Fs. defaultFS – Specifies the address of HDFS and the name of the default file system. A URI whose scheme and permissions determine FileSystem’s implementation. The uri SCHEME determines the Config property of the named FileSystem implementation class (fs.scheme.impl). Uri permissions are used to determine the host, port, and so on of the file system.
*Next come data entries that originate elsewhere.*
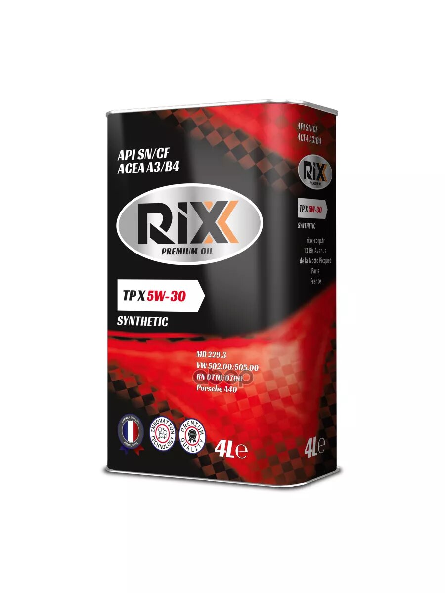 RIXX TP X SAE 5W-30 API SN/CF ACEA A3/B4 4 л, масло моторное синтетическое
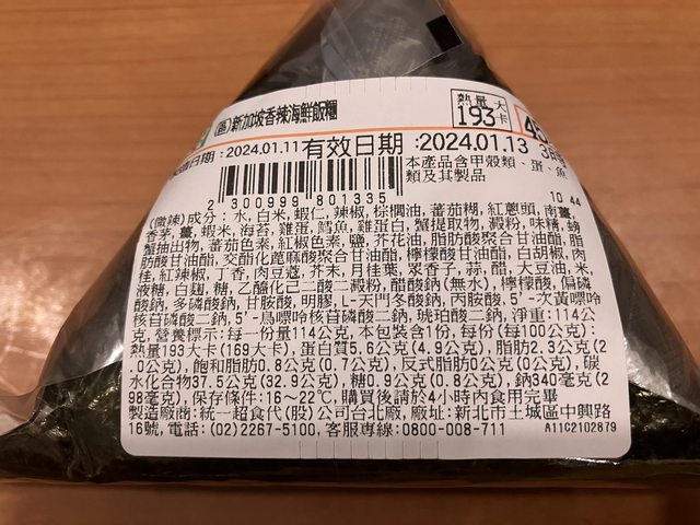 【商品名稱/價格】:新加坡香辣海鮮飯糰 / 45 元
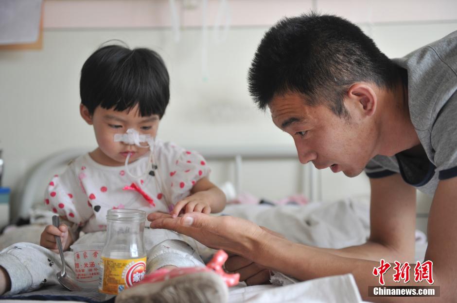 Wang Keran is happy when playing games with her father in the ward.(CNS/ Wei Liang)
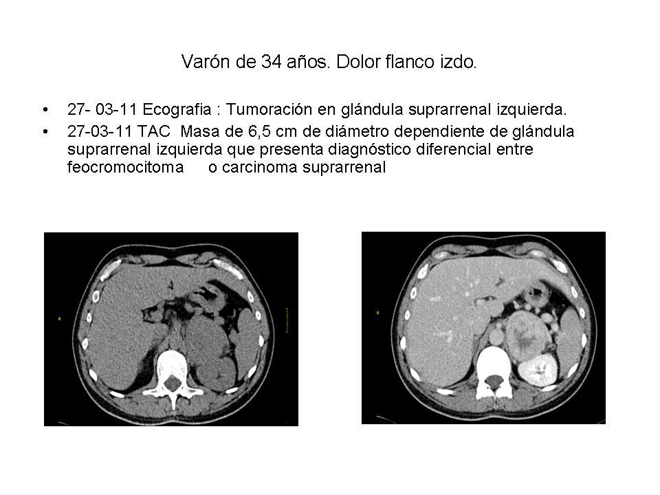 Se presenta el caso de un varón de 34 años de edad, a quien se diagnosticó un feocromocitoma maligno y fue tratado con suprarrenalectomía izquierda lapararoscópica. Se trata de una neoplasia de las células cromafines con una prevalencia de dos casos por millón de habitantes, que, generalmente, causa los síntomas típicos de liberación episódica de catecolaminas. Se describe la forma de presentación del caso, que debuta con episodios sucesivos de dolorimiento abdominal intenso en flanco izdo. En la ecografía abdominopélvica y TAC abdominal, se objetiva una masa de 6,5 cms de diámetro, dependiente de la glándula suprarrenal izda. Se evidencian niveles elevados de metanefrinas y catecolaminas en orina. Se realiza adrenalectomía total izquierda laparoscópica. La anatomía patológica evidencia feocromocitoma maligno.
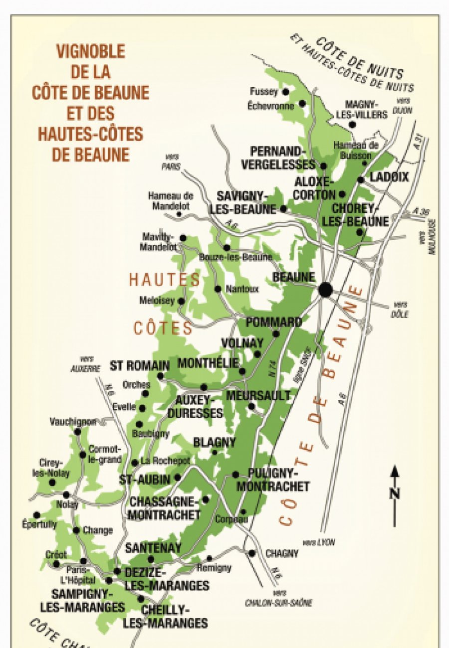 Ten zuidoosten van Chablis ligt de wijnregio Côte d’Or. De Côte d’Or is onderverdeeld in twee stukken, de Côte de Nuits in het noorden en de Côte de Beaune in het zuiden.
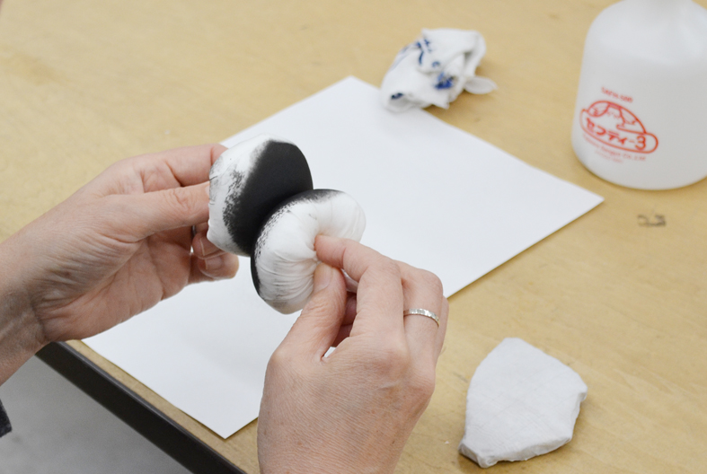 ➂ 画仙紙が少し乾くまでの間に、墨をつける用意をします。この時に使用する道具が、タンポです。タンポは綿を布で包んだもので、テープなどを巻き付けて持ち手となる部分を作っています。これをふたつ用意し、ひとつに墨をつけたのちにふたつをこすりつけてムラをなくします。拓本をとる部分によっては、小さなタンポを使用する場合もあります。なお、墨は油性拓本墨を使用しています。貼り付けた紙が多少湿っていてもにじまず、濃淡の調整が可能です。
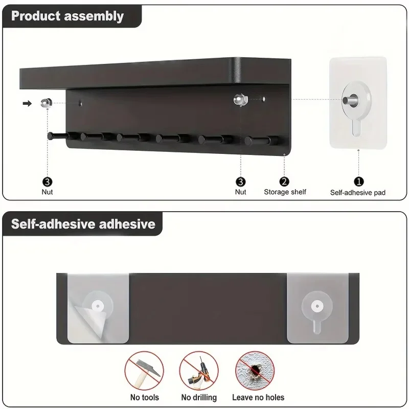 This key shelf is punch-free, it will provides sticker and screws to install, no complex installation, easy to install.
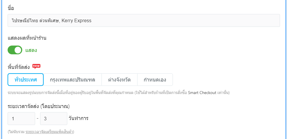 - พื้นที่จัดส่ง เพื่อกำหนดพื้นที่ในการส่งของรูปแบบขนส่งนี้ (คลิกดูวิธีการกำหนดพื้นที่จัดส่งที่นี่)
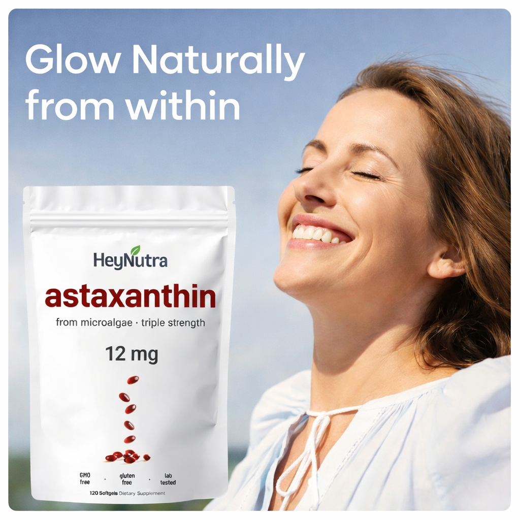 As we age, oxidative stress increases, which can lead to dull skin, joint stiffness, tired eyes, and lower energy levels.HeyNutra Astaxanthin helps support your body’s natural defenses from the inside out. Each serving delivers a clinical-strength 12 mg dose sourced from microalgae — the purest and most researched form.
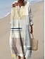 Mulheres Vestido Longo Vestido de turno Vestido A Line Vestido de verão Casual Diário Normal Listrado Manga 3/4 Decote V Branco Verão Primavera Outono
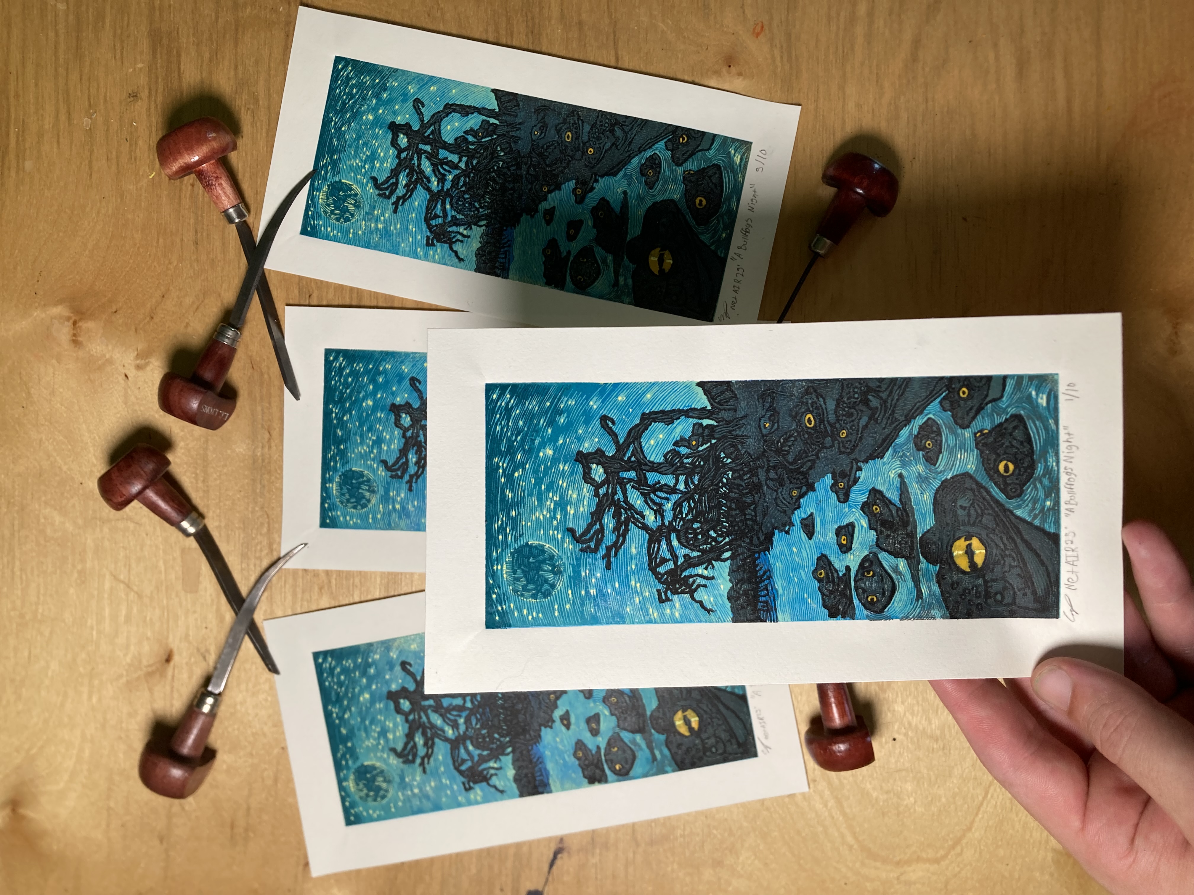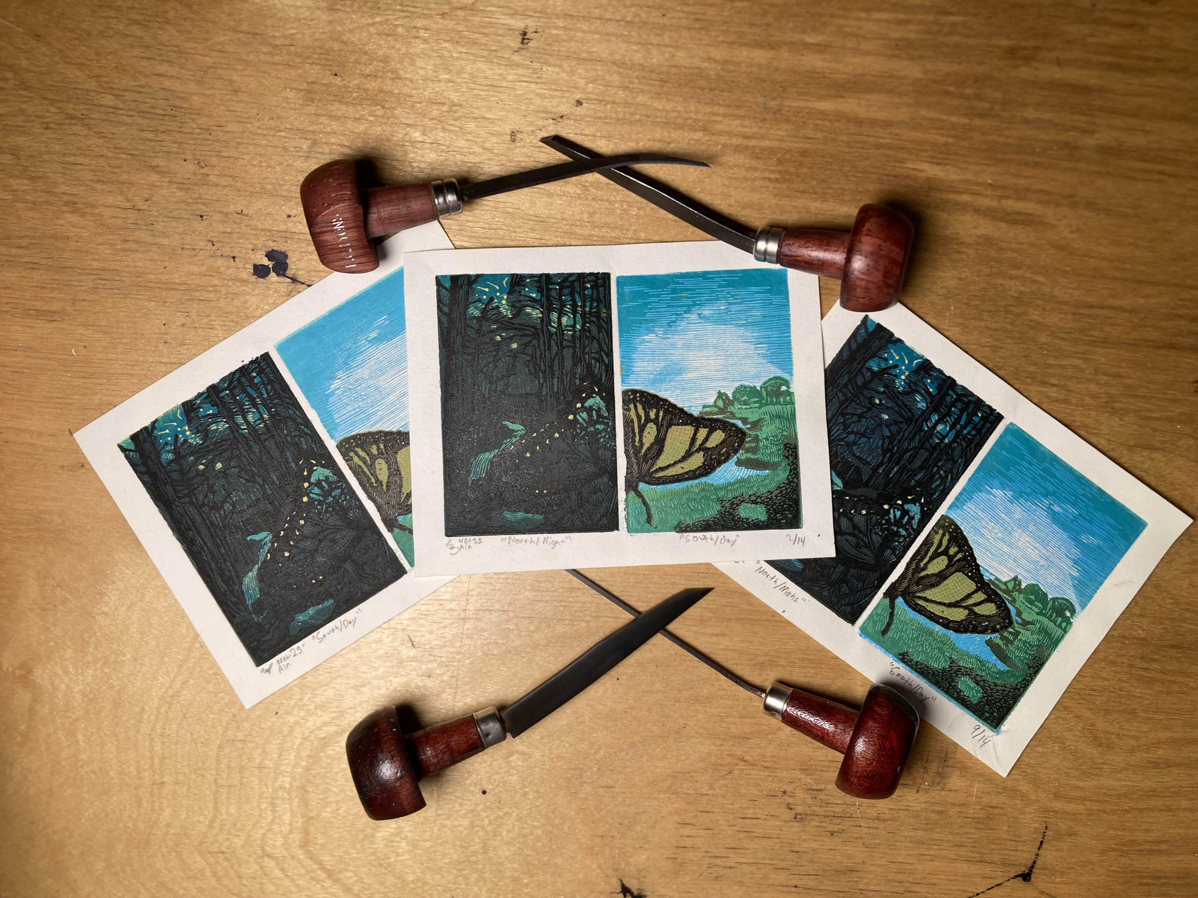 Description: Hand Carved Hand Printed wood engravings and self published childrens books

In local mode, the configuration can be as follows:

<configuration>
  <property>
    <name>fs.defaultFS</name>
    <value>hdfs://localhost:9000</value>
  </property>
</configuration>
Copy the code

In full distributed mode, the configuration can be as follows:

<configuration>
  <property>
    <name>fs.defaultFS</name>
    <value>hdfs://master:9000</value>
  </property>
  <property>
    <name>io.file.buffer.size</name>
    <value>131072</value>
  </property>
  <property>
    <name>hadoop.tmp.dir</name>
    <value>file:/home/hadoop/tmp</value>
  </property>
  <property>
    <name>hadoop.proxyuser.hduser.hosts</name>
    <value>*</value>
  </property>
  <property>
    <name>hadoop.proxyuser.hduser.groups</name>
    <value>*</value>
  </property>
</configuration>
Copy the code

Hadoop.tmp. dir – Specifies a temporary hadoop directory. For example, NameNode data of HDFS is stored in this directory by default. Dir is/TMP /hadoop-${user.name}. NameNode stores HDFS metadata in/TMP. If the OS restarts, / TMP will be cleared. NameNode metadata loss is a very serious problem, so we should modify the path.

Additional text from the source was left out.